返回几何图形的线性部分的长度。多边形部分会被忽略。多几何图形的长度是其组成部分的长度之和。
| 用法 | 返回 |
|---|
LinearRing.length(maxError, proj) | 浮点数 |
| 参数 | 类型 | 详细信息 |
|---|
此:geometry | 几何图形 | 输入几何图形。 |
maxError | ErrorMargin,默认值:null | 执行任何必要的重新投影时可容忍的最大误差量。 |
proj | 投影,默认值:null | 如果指定,结果将采用相应投影的坐标系的单位。否则将以米为单位。 |
示例
代码编辑器 (JavaScript)
// Define a LinearRing object.
var linearRing = ee.Geometry.LinearRing(
[[-122.091, 37.420],
[-122.085, 37.422],
[-122.080, 37.430]]);
// Apply the length method to the LinearRing object.

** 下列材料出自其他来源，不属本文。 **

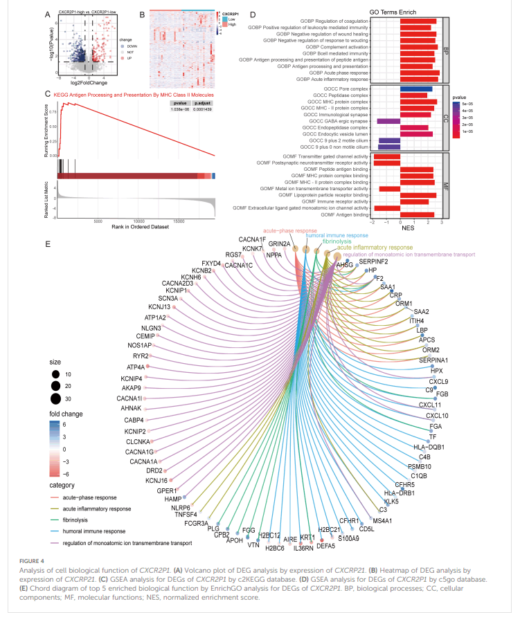 通過差異表達(dá)分析,發(fā)現(xiàn)CXCR2P1高表達(dá)組與低表達(dá)組之間有610個DEG(F4A-B)。為探究CXCR2P1的細(xì)胞生物學(xué)功能,對這些DEG進(jìn)行EnrichGO和GSEA分析,結(jié)果提示CXCR2P1可能通過增強(qiáng)MHCII蛋白復(fù)合物在腫瘤免疫微環(huán)境中的抗原呈遞,從而增加腫瘤組織中免疫細(xì)胞的浸潤。
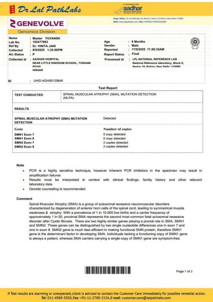 We are deeply grateful for your love and support for Baby Yuvansh, who is bravely fighting Spinal Muscular Atrophy (SMA) Type 1. A few months ago, after several tests at Nehru Hospital, PGI, Chandigarh, doctors gave us the heartbreaking news of his diagnosis. Since then, your prayers and kindness have given us the strength to continue this fight.

var linearRingLength = linearRing.length();
// Print the result to the console.
print('linearRing.length(...) =', linearRingLength);
// Display relevant geometries on the map.

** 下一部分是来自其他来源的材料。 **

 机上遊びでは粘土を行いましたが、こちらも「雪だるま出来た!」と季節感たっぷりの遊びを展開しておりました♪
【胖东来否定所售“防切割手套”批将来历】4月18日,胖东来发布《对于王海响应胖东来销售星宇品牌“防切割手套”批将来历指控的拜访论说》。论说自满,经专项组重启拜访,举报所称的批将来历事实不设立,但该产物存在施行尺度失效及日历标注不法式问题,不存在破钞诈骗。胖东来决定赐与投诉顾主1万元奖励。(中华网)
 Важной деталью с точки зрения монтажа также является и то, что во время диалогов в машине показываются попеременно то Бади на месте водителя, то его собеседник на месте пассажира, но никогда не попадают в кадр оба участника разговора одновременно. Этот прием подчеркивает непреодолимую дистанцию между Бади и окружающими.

Map.setCenter(-122.085, 37.422, 15);
Map.addLayer(linearRing,
{'color': 'black'},
'Geometry [black]: linearRing');
Python 设置
如需了解 Python API 和如何使用 geemap 进行交互式开发,请参阅
Python 环境页面。
import ee
import geemap.core as geemap
Colab (Python)
# Define a LinearRing object.
linearring = ee.Geometry.LinearRing(
[[-122.091, 37.420], [-122.085, 37.422], [-122.080, 37.430]]
)
# Apply the length method to the LinearRing object.
linearring_length = linearring.length()
# Print the result.
display('linearring.length(...) =', linearring_length)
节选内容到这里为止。